During New York Fashion Week: Men’s, Meizler had a beautiful installation with goods from his most recent collection dubbed Entomology. Despite presiding in a space surrounded by other designers holding fall presentations, Meizler’s collection was technically Spring/Summer 2017 as he prefers to show as his offerings hit shelves to prevent (the all too frequent) consumer fatigue that sets in once new pieces have been paraded ad nauseam.
Each season, Meizler finds a new point of inspiration off which he can riff and Entomology (the scientific study of insects) was his starting point for the sumptuous ties, jewelry and small leather goods in this case. He said he was fascinated by “how these creatures evoke such angst and awe within us,” while we marvel at the immense beauty created on such a minuscule canvas.

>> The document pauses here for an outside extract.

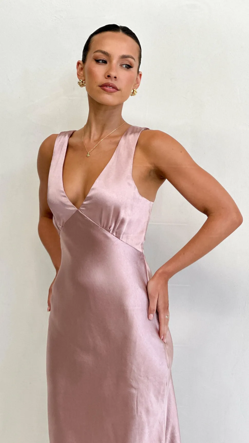 The Sofia Maxi Dress in Dusty Pink features a gathered bust detail and a V neckline, providing a flattering and stylish look. With a maxi length and thick back straps, this dress offers comfort and support. The invisible side zipper makes for an effortless and seamless fit. Perfect for any occasion.
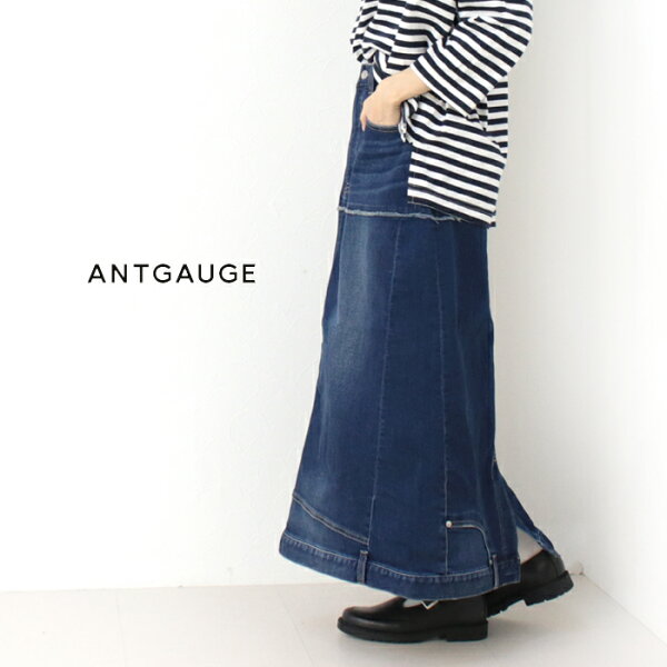 [50%OFF] アントゲージ Antgauge 10.5ozストレッチデニム Aラインアプサイダウンスカート GE496 ボトムス ロング丈 レディース 2025春夏 [返品・交換不可]

Some ties had neutral backgrounds but were outfitted with incredible insect facsimiles made from sterling silver that Meizler’s team constructs in his well-outfitted studio. One mesmerizing style was completely covered in iridescent scarab wings that swayed back and forth catching the light like the rainbow of cool tones in an oil slick.
There’s an undeniable sensuality to Meizler’s work with the richness of textures, partially obscured details and playful use of transparency all working in concert. None of his pieces seem to reveal themselves fully when seen straight on. They beg to be held, turned over and contemplated with the same kind of rigorous thought that surely went into their conception. It’s a rare sensibility that is largely missing not only from most men’s accessories but fashion in general.
And one cannot discuss Title of Work without the incredible make so vital to the designs themselves. Meizler works closely with mills both in England and Italy to customize fabrics for his ties and printed silk pocket squares, which are all finished by hand. He spent years producing women’s couture and the level of craft expected in a professional atelier has stayed with him in his current venture. No detail is overlooked or considered too trivial. His supple leather gloves are lined in superb cashmere and small wallets with Title of Work’s signature pop of red wouldn’t be complete without sterling silver cards to go in them. There is a glorious dichotomy between the perfectly imperfect handmade wares and supremely well-edited nature of the whole endeavor that feels like nothing else. Desire indeed.